**Your goal**
Take the lines below from the one with "平均得分最高的论文是来自麻省理工的「Near-Optimal No-Regret Learning" through the one with "15.3 hand chestnut" and retype them exactly. Include nothing else, and no pictures.

**Exercise data**

++++++++

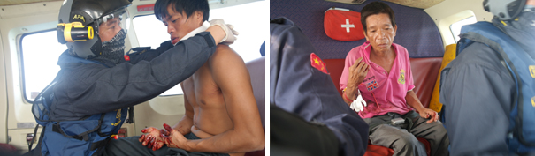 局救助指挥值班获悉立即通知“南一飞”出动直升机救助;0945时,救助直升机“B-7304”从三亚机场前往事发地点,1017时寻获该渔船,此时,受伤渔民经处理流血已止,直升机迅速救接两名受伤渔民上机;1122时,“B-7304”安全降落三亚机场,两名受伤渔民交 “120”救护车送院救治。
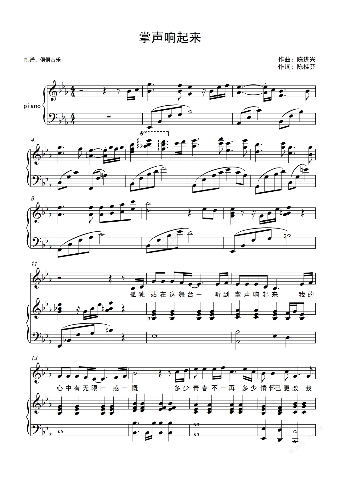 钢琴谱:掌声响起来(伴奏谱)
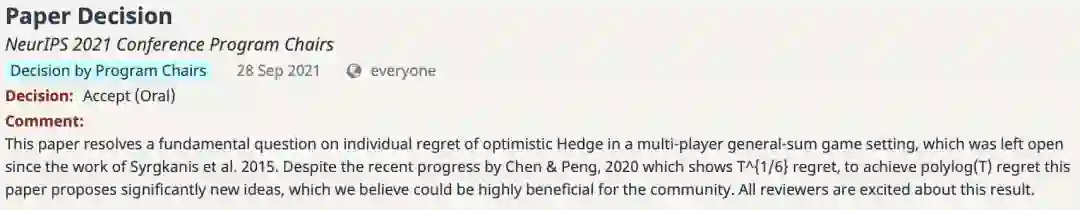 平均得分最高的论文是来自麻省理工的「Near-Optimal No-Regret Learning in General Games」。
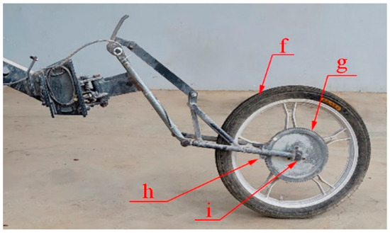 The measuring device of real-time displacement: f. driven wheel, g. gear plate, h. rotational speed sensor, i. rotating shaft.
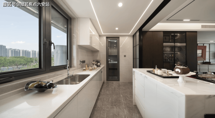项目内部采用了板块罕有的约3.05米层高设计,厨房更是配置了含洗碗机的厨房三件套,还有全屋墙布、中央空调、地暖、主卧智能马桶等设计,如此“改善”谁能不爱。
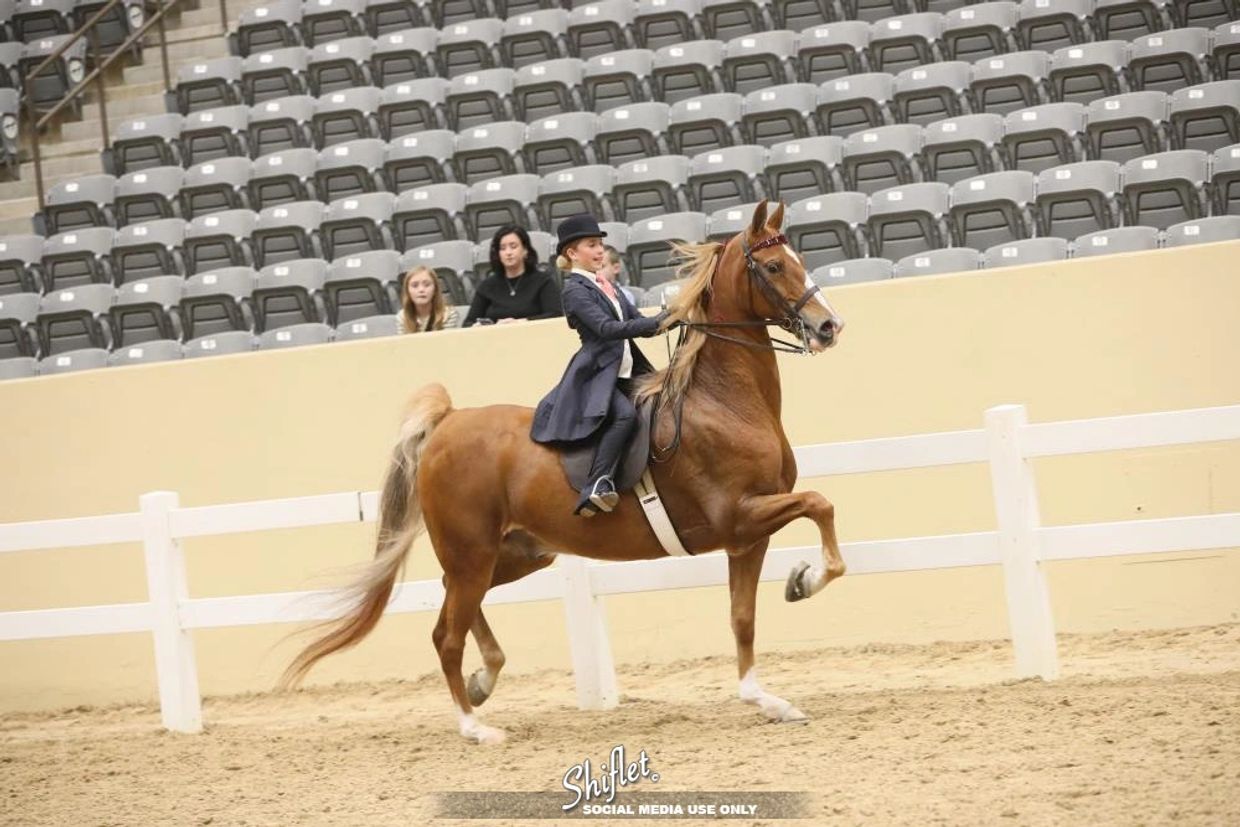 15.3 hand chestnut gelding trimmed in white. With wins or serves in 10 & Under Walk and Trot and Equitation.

++++++++

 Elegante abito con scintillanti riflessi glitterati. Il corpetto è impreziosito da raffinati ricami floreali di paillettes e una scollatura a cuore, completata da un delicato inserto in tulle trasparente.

++++++++

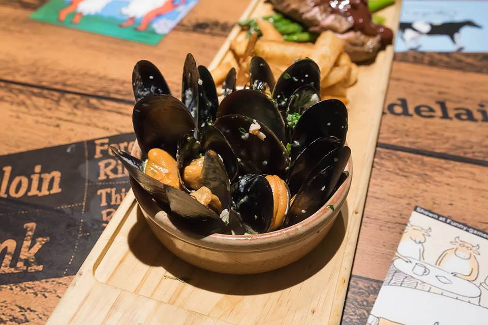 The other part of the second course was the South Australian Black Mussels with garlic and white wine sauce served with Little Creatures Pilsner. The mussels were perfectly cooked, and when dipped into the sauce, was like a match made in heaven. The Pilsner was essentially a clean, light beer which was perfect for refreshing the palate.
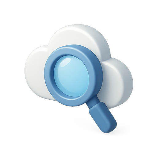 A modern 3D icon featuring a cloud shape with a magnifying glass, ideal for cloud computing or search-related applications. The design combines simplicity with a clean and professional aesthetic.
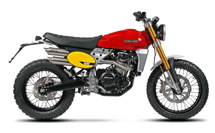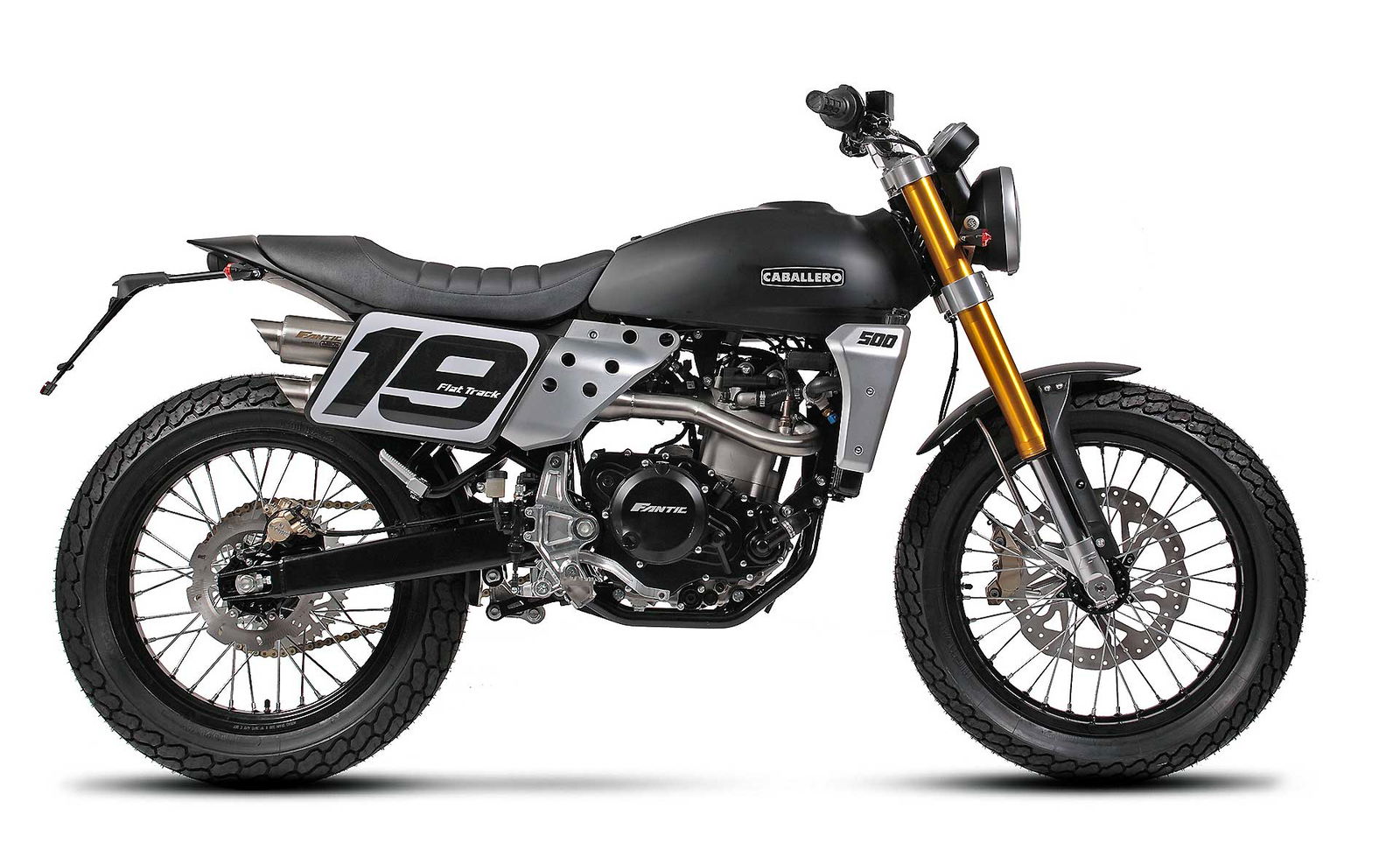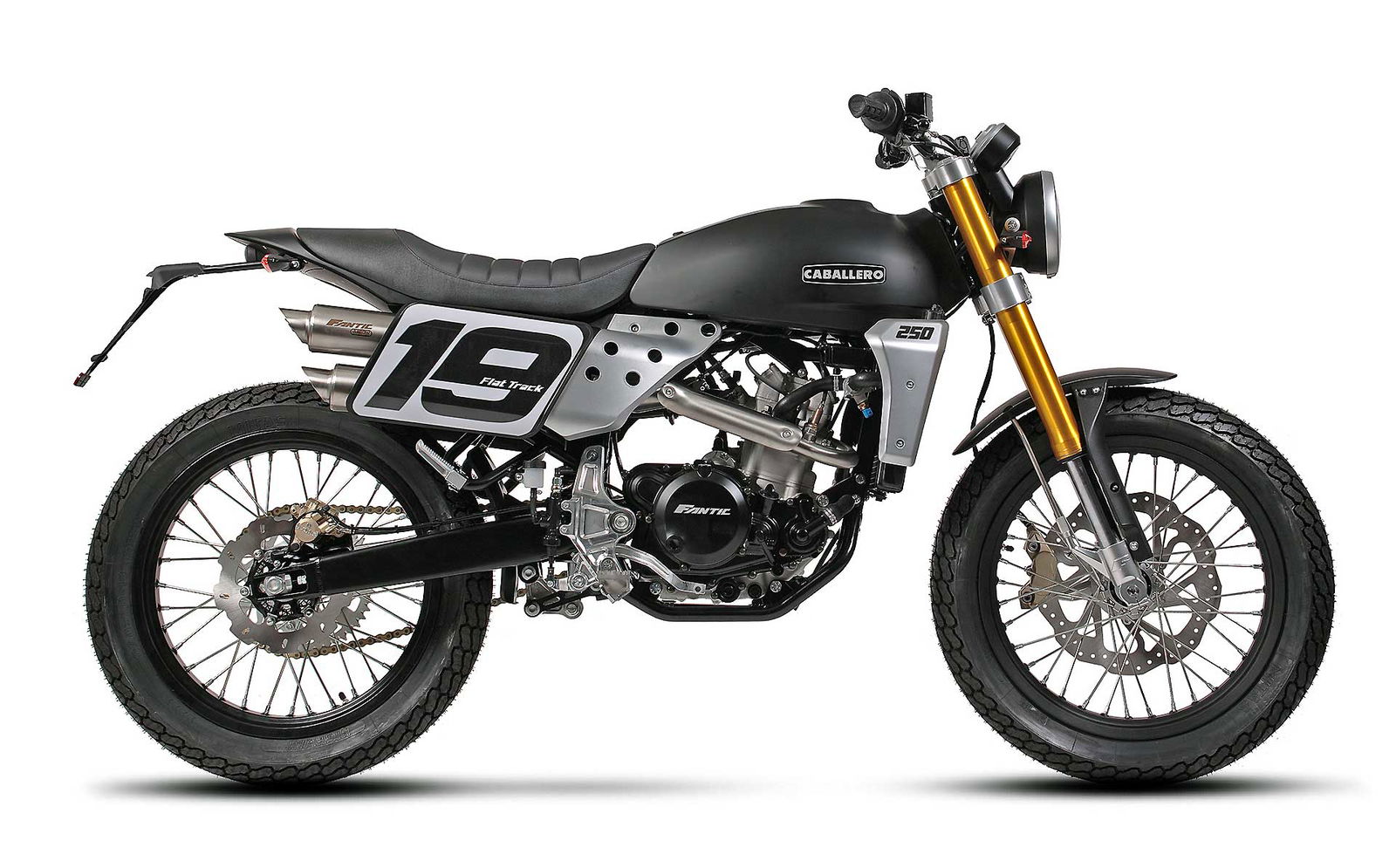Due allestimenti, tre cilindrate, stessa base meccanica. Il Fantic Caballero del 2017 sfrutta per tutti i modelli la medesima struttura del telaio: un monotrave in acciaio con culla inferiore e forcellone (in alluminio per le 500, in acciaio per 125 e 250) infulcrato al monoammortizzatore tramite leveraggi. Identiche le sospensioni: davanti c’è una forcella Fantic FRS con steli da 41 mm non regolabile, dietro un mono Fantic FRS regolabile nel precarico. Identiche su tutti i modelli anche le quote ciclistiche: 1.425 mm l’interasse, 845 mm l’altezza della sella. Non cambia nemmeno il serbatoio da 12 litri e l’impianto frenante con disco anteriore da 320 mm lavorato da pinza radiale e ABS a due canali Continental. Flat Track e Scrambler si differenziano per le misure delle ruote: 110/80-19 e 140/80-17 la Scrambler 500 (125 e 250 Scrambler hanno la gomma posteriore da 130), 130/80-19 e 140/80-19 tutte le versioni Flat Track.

++++++++

**Answer**
 平均得分最高的论文是来自麻省理工的「Near-Optimal No-Regret Learning in General Games」。
 The measuring device of real-time displacement: f. driven wheel, g. gear plate, h. rotational speed sensor, i. rotating shaft.
项目内部采用了板块罕有的约3.05米层高设计,厨房更是配置了含洗碗机的厨房三件套,还有全屋墙布、中央空调、地暖、主卧智能马桶等设计,如此“改善”谁能不爱。
 15.3 hand chestnut gelding trimmed in white. With wins or serves in 10 & Under Walk and Trot and Equitation.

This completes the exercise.